Aim of the task — Before copying, find the line below that contains "インパクトのある花飾りと洋服に合わせた編みおろしスタイル"; then return it and all later lines exactly, up to and including the final line, with no pictures.

Material shown —
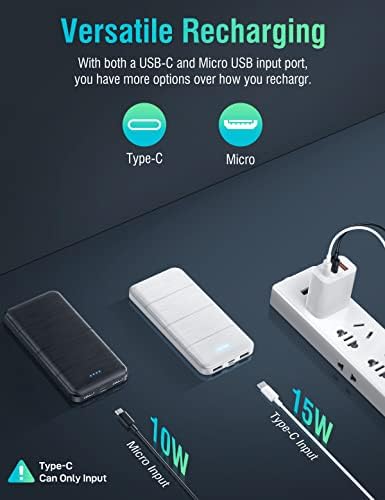 Portable Charger with 5V 3.1A 2 USB Output ports ,which can fast charge 2 devices at the same time.The USB C and Micro USB input ports can fully refill the battery itself in 4-5 hrs at 5V 2.0A.(Note: Type-C port can only input, does not support output) Power Bank has 15000 mAh ultra-high capacity.The shell adopts the imitation metal wire drawing process, which is more wear-resistant than other smooth ordinary styles. The ergonomic arc design is easy to hold and feels comfortable. The smart IC inside the power bank label can automatically identify or be compatible with all products. Smart IC conversion current is stable, which can effectively prevent overcharge, overvoltage, overcurrent and short circuit, bring you a safe using experience. Power bank uses the safe high-density lithium polymer battery module, which is more compact and has a larger battery capacity, It exceeds the traditional Lithium ion battery on safety.The safety of customers is our most concerned about ,Customer satisfaction is our greatest motivation. The portable charger is easy to use and simple, and also easy to carry. You can travel without the anxiety of charging. Because the power bank can solve the problem of charging for you.
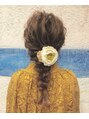 インパクトのある花飾りと洋服に合わせた編みおろしスタイル
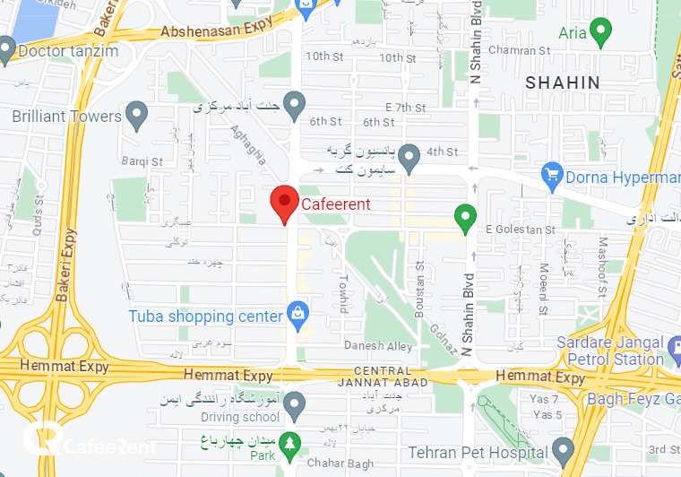 آدرس دفتر مرکزی کافه رنت: تهران - بزرگراه همت جنت آباد مرکزی - روبروی 20 متری گلستان مجتمع تجاری اکسین پلاک 1 ط2 اداری واحد 1
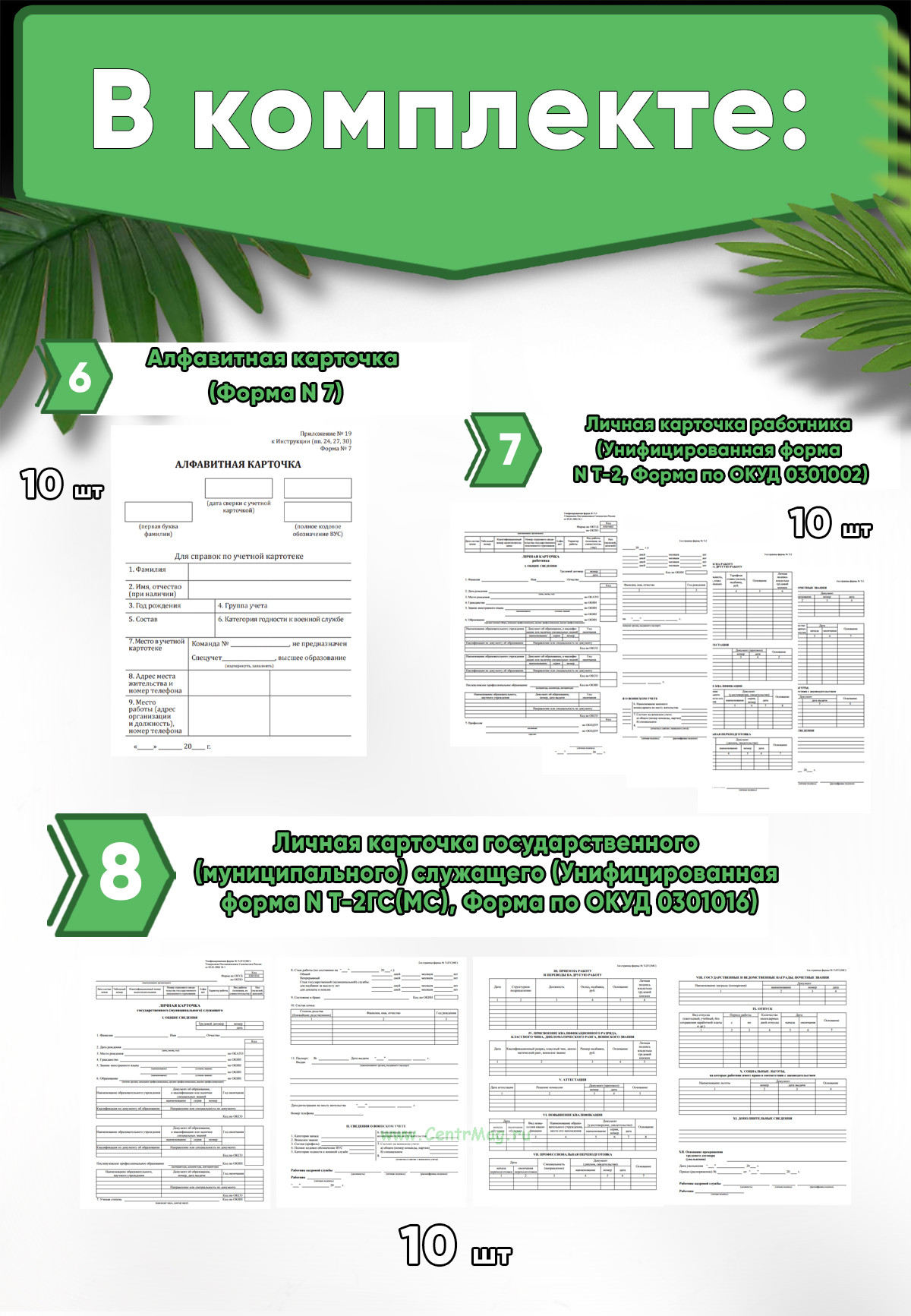 7. Личная карточка работника (Унифицированная форма N Т-2, Форма по ОКУД 0301002) - 10 шт
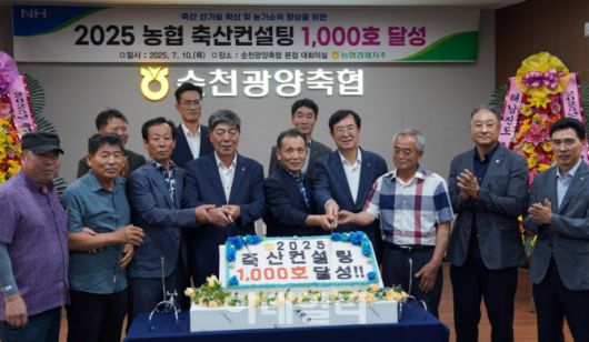 [이데일리 김태형 기자] 농협 경제지주(축산경제대표이사 안병우)가 10일, 순천광양축협(조합장 이성기) 본점에서 안병우 축산경제대표이사, 이성기 조합장, 축산농가 등 관계자가 참석한 가운데 ’25년 축산컨설팅 1,000호 달성 기념식을 개최했다고 밝혔다.
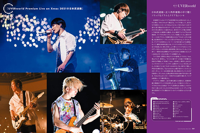 UVERworldは、圧倒的でストイックな音を届ける名バンドである。それは、ライブを目の当たりにしても、楽曲を聴いても感じられるところだ。彼らのカリスマ性やエモーショナルな歌詞、演奏力など、その魅力を多方向に分解して挙げるとキリがないが、サンレコは"UVERworldの最大の魅力はサウンドだ"と断言したい。今回は、クリスマスの日本武道館公演のレポートと、そしてTAKUYA∞と克哉に聞く最新アルバム『30』のインタビューという2本立てでお送りする。早速、彼らの音楽の発生源をのぞいていこう。

Written response —
 インパクトのある花飾りと洋服に合わせた編みおろしスタイル
 آدرس دفتر مرکزی کافه رنت: تهران - بزرگراه همت جنت آباد مرکزی - روبروی 20 متری گلستان مجتمع تجاری اکسین پلاک 1 ط2 اداری واحد 1
 7. Личная карточка работника (Унифицированная форма N Т-2, Форма по ОКУД 0301002) - 10 шт
 [이데일리 김태형 기자] 농협 경제지주(축산경제대표이사 안병우)가 10일, 순천광양축협(조합장 이성기) 본점에서 안병우 축산경제대표이사, 이성기 조합장, 축산농가 등 관계자가 참석한 가운데 ’25년 축산컨설팅 1,000호 달성 기념식을 개최했다고 밝혔다.
 UVERworldは、圧倒的でストイックな音を届ける名バンドである。それは、ライブを目の当たりにしても、楽曲を聴いても感じられるところだ。彼らのカリスマ性やエモーショナルな歌詞、演奏力など、その魅力を多方向に分解して挙げるとキリがないが、サンレコは"UVERworldの最大の魅力はサウンドだ"と断言したい。今回は、クリスマスの日本武道館公演のレポートと、そしてTAKUYA∞と克哉に聞く最新アルバム『30』のインタビューという2本立てでお送りする。早速、彼らの音楽の発生源をのぞいていこう。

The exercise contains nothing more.